How is it going to be December already tomorrow?!? We decided that tonight was a great time to bring a little holiday cheer into our home. I love when the tree and angel are lit up.🎄

Mabry Living's photo.

The kids and I are entering our 4th week of John being away. Over the last several weeks we have been adjusting to our new normal. It has been a growing experience for all of the Mabry family and I pray we come out stronger because of this transition.

John returns back to the Nashville area on Friday. Being that I have become adjusted to my new normal, I am a little nervous of the upcoming transition of him entering back into our every day lives again. The last time I saw John at the beginning of November was a day I wish I could erase from my memory. He was not healthy, addiction had stolen his soul. I plan to continue living one day at a time upon his return. I know TIME will be our friend as we slowly adapt once again.

Its always hard to know who the person is going to be when they come back from treatment. I am praying that the man I pick up from the airport greets me with clear eyes and a renewed spirit. Hopefully we will both be able to see clearly now that the rain is gone!

Who knows, it could be a bright, bright, bright sunshiny day!

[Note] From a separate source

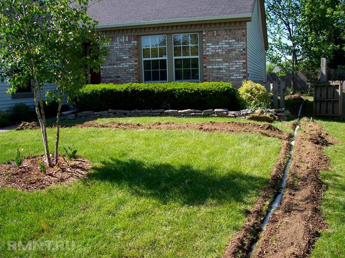 Дренирование участка — вопрос особый, ведь с необходимостью осушения сталкиваются и те проекты, в которых верховодка никогда не опускается ниже глубины залегания ЛОС. В таких ситуациях без дренажной системы попросту не обойтись, ведь утяжеление септика может спровоцировать совершенно обратный эффект — всасывание в грунт. Впрочем, временные каналы можно использовать и для прокладки стационарной системы дренажных труб.

‪#‎wifeofanaddict‬‪#‎onedayatatime‬‪#‎sobriety‬‪#‎healing‬‪#‎recovery‬‪#‎seekjoy‬‪#‎alcoholism‬‪#‎substanceabuse‬‪#‎prescriptionpills‬‪#‎hope‬‪#‎prayerwarriors‬‪#‎addiction‬

December 2, 2015

I love seeing God’s work in progress. A new circle of friendship has blossomed! This morning I hosted a little get-together with new friends that I met by sharing my journey through Mabry Living. These ladies are walking along a similar “valley” in their own lives. I believe our paths were meant to cross, it was no accident. All of us are wounded and are leaning on our faith by trusting God’s plan for our futures. It was nice to witness our pain shift to power as we sat and encouraged one another with hope. We have already decided to call ourselves, “The Valley Girls.” Like new adventures, I never know what life lessons these new friendships may teach me as we continue to support each other one day at a time!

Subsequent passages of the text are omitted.